### WHAT THE EXERCISE ASKS
Copy out the data below as written; omit any images.

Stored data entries
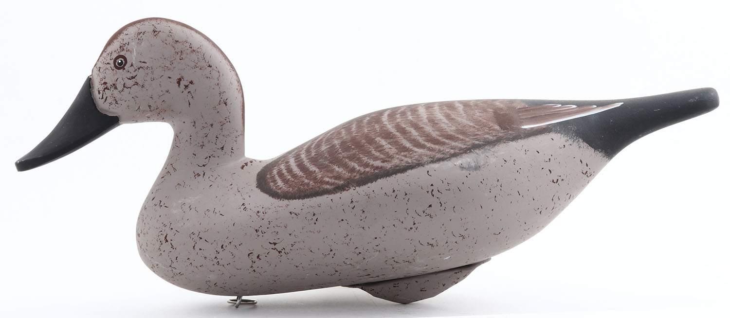 Gadwall Hen by Jeff Spencer from MD, PE, solid wood, original paint, branded on bottom, structurally excellent, 16 1/2'' OAL. Grade: Excellent ++ - Value: 40 to 80
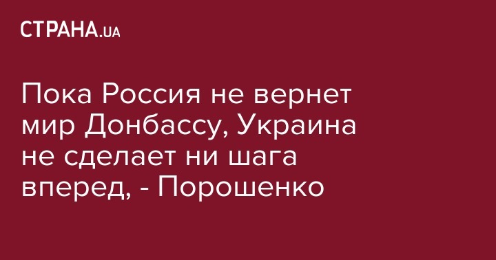 Пока Россия не вернет мир Донбассу, Украина не сделает ни шага вперед, - Порошенко
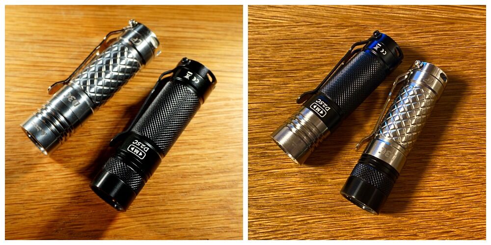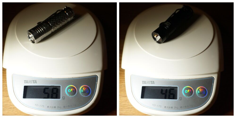 全長はほぼ同じ。デザインが異なりますがヘッドとボディのネジのピッチなどは同じです。つまり、ヘッドの換装も可能です。少し雰囲気が変わるのも面白いですよね。例えば、チタンモデルは明るさ重視のXM-L2にして、アルミモデルは日亜の高演色にする、など特性の異なるLEDを選び、ヘッドを付け替えて使ってみるのも面白いかもしれません。
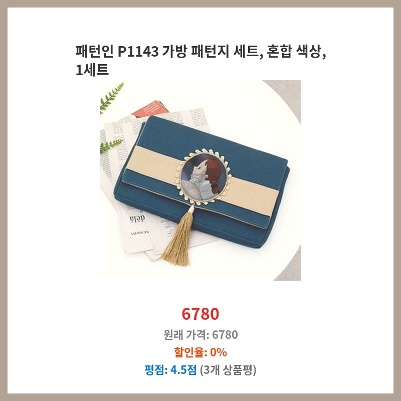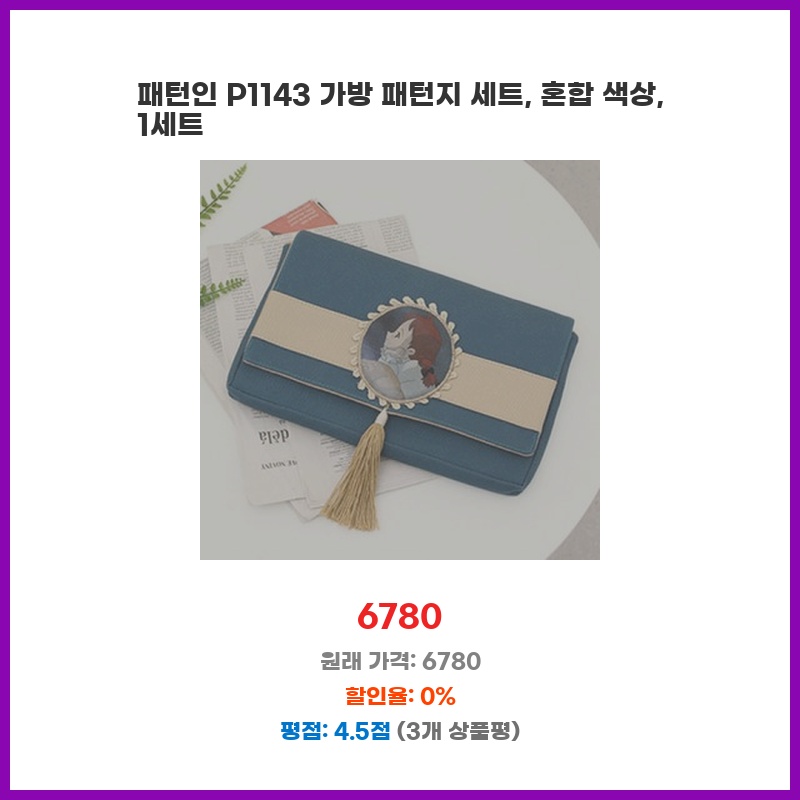 패턴인 P1143 가방 패턴지 세트, 혼합 색상, 1세트
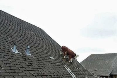 Сначала он не поверил своим глазам и решил, что его подводит зрение. Но остановившись понял, что на черепице действительно балансирует корова. Штайнер не смог упустить такой момент и сфотографировал отчаянную "эквилибристку".
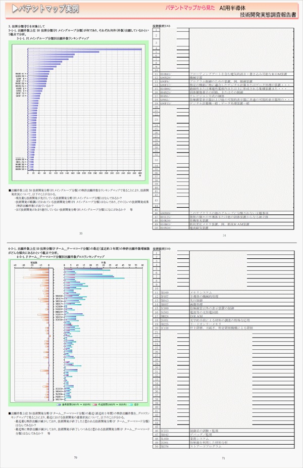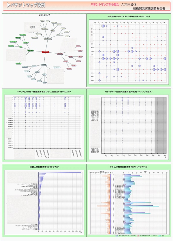 「AI用半導体」に関する出願件数、出願人(共同出願人)、発明者、特許分類などに対し、ランキング、時系列推移、技術分布図など様々な観点から分析したパテントマップを作成し、技術開発の実態を把握し今後の開発の指針決定に役立てようとするものである。

### WRITTEN ANSWER
 Gadwall Hen by Jeff Spencer from MD, PE, solid wood, original paint, branded on bottom, structurally excellent, 16 1/2'' OAL. Grade: Excellent ++ - Value: 40 to 80
 Пока Россия не вернет мир Донбассу, Украина не сделает ни шага вперед, - Порошенко
 全長はほぼ同じ。デザインが異なりますがヘッドとボディのネジのピッチなどは同じです。つまり、ヘッドの換装も可能です。少し雰囲気が変わるのも面白いですよね。例えば、チタンモデルは明るさ重視のXM-L2にして、アルミモデルは日亜の高演色にする、など特性の異なるLEDを選び、ヘッドを付け替えて使ってみるのも面白いかもしれません。
 패턴인 P1143 가방 패턴지 세트, 혼합 색상, 1세트
 Сначала он не поверил своим глазам и решил, что его подводит зрение. Но остановившись понял, что на черепице действительно балансирует корова. Штайнер не смог упустить такой момент и сфотографировал отчаянную "эквилибристку".
 「AI用半導体」に関する出願件数、出願人(共同出願人)、発明者、特許分類などに対し、ランキング、時系列推移、技術分布図など様々な観点から分析したパテントマップを作成し、技術開発の実態を把握し今後の開発の指針決定に役立てようとするものである。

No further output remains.